ABOUT THIS TASK.
Omitting all images, set down every line below exactly as it appears.

[Records drawn from a dataset]
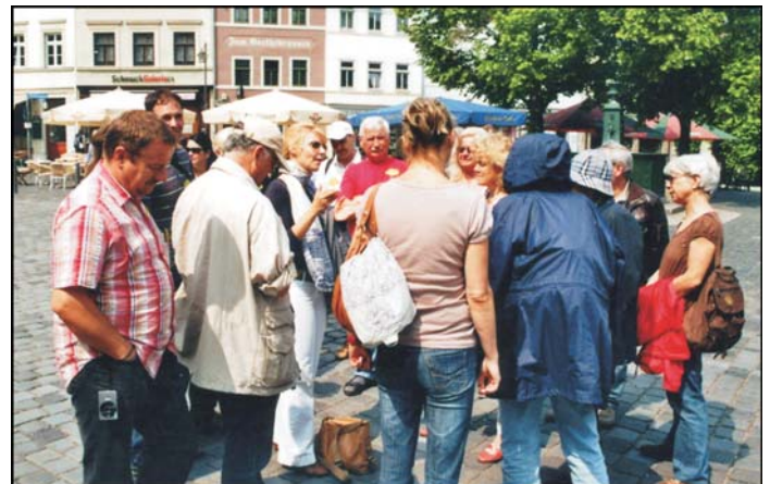
am Frauenplan in der Nähe von Goethes Wohnhaus
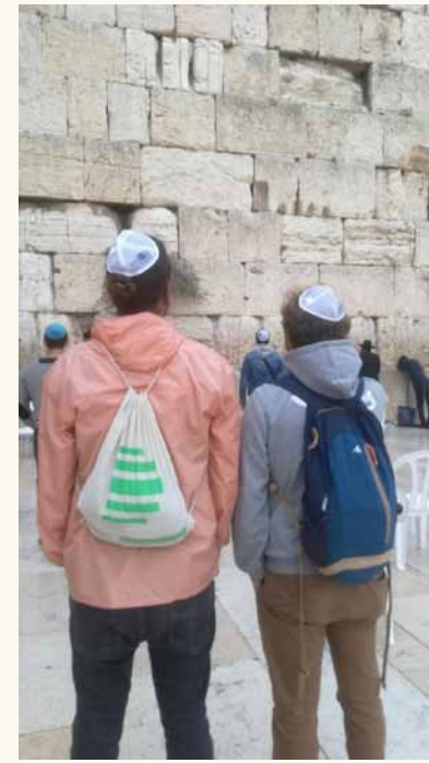
An der Klagemauer
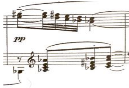
شكل رقم (٤)

يوضح تألف ناقص في المازورة ١٥ بالجزء الأول
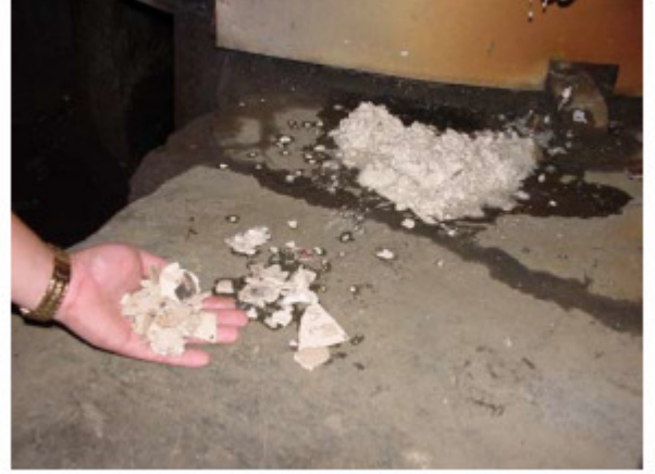
Buhar kazanı dibindeki tortu
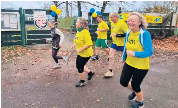
Freuen sich aufs Laufen
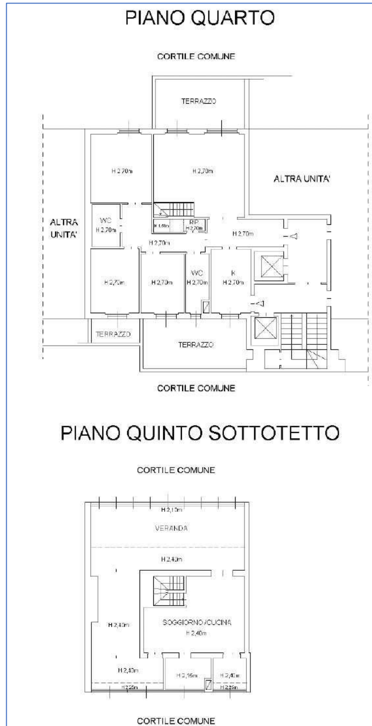
Img. 1 _ rappresentazione grafica della planimetria catastale
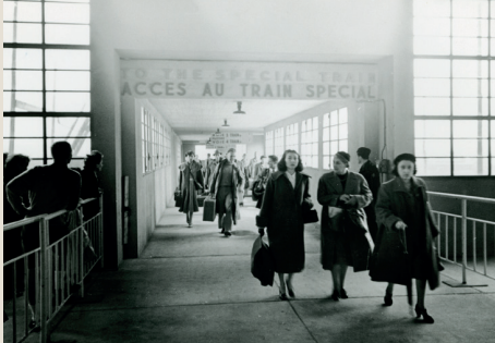
Arrivée des passagers du train dans la gare maritime du Havre
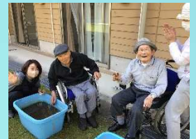
自分の順番が終わられた方は応援部隊に変身！↓
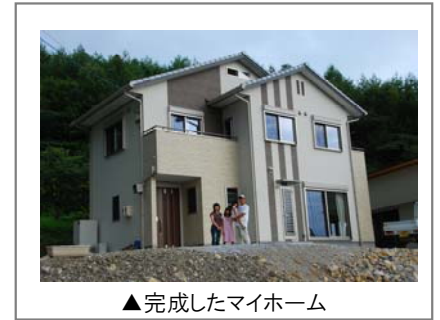
▲ 完成したマイホーム

念願のマイホームも完成し、ひとつひとつ着実に夢を実現させています。「新しいことにチャレンジして、魅力をもっとアピールして、若い人がもっと飛び込んでくるような地域をつくりたい。」と熱い想いを語ってくれました。
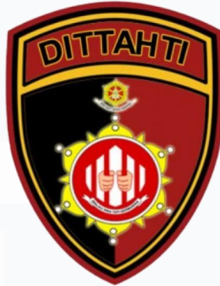
Gambar 2. 21 Logo Dittahti
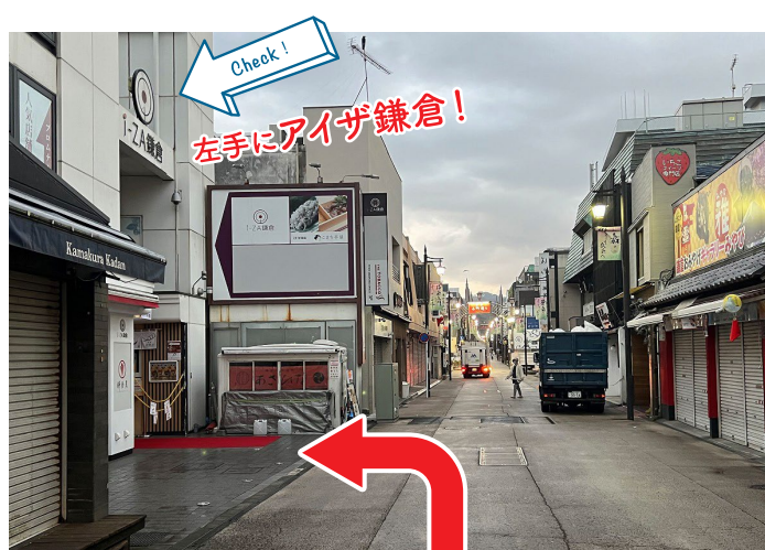
6 約15m歩き、左手に見えるアイザ鎌倉ビルへ入ります。
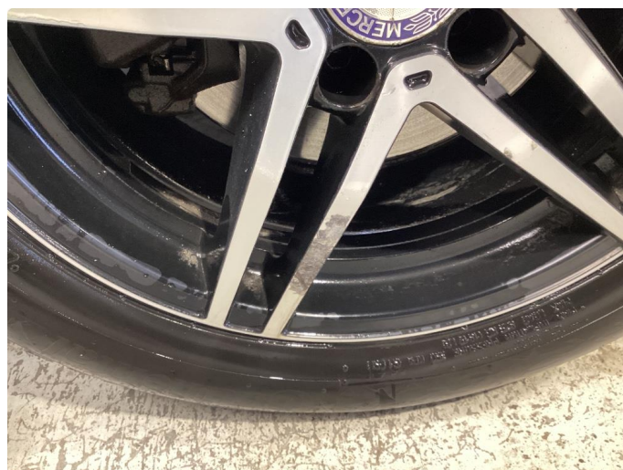
1.1 Småskader på felger
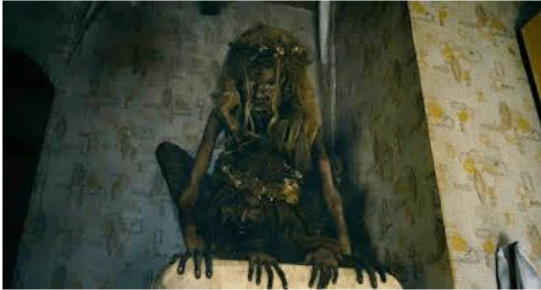
Imagen 1. Fotograma de la película Mamá ( Mama , Andrés Muschietti, 2013)

La figura del infante en estos filmes es un clásico a analizar, ya que puede combinar la inocencia con el engaño, la mentira de un ser que parece inofensivo y sin embargo puede ser el más terrorífico del planeta.

RESULT OF THE TASK.
am Frauenplan in der Nähe von Goethes Wohnhaus
An der Klagemauer
شكل رقم (٤)

يوضح تألف ناقص في المازورة ١٥ بالجزء الأول
Buhar kazanı dibindeki tortu
Freuen sich aufs Laufen
Img. 1 _ rappresentazione grafica della planimetria catastale
Arrivée des passagers du train dans la gare maritime du Havre
自分の順番が終わられた方は応援部隊に変身！↓
▲ 完成したマイホーム

念願のマイホームも完成し、ひとつひとつ着実に夢を実現させています。「新しいことにチャレンジして、魅力をもっとアピールして、若い人がもっと飛び込んでくるような地域をつくりたい。」と熱い想いを語ってくれました。
Gambar 2. 21 Logo Dittahti
6 約15m歩き、左手に見えるアイザ鎌倉ビルへ入ります。
1.1 Småskader på felger
Imagen 1. Fotograma de la película Mamá ( Mama , Andrés Muschietti, 2013)

La figura del infante en estos filmes es un clásico a analizar, ya que puede combinar la inocencia con el engaño, la mentira de un ser que parece inofensivo y sin embargo puede ser el más terrorífico del planeta.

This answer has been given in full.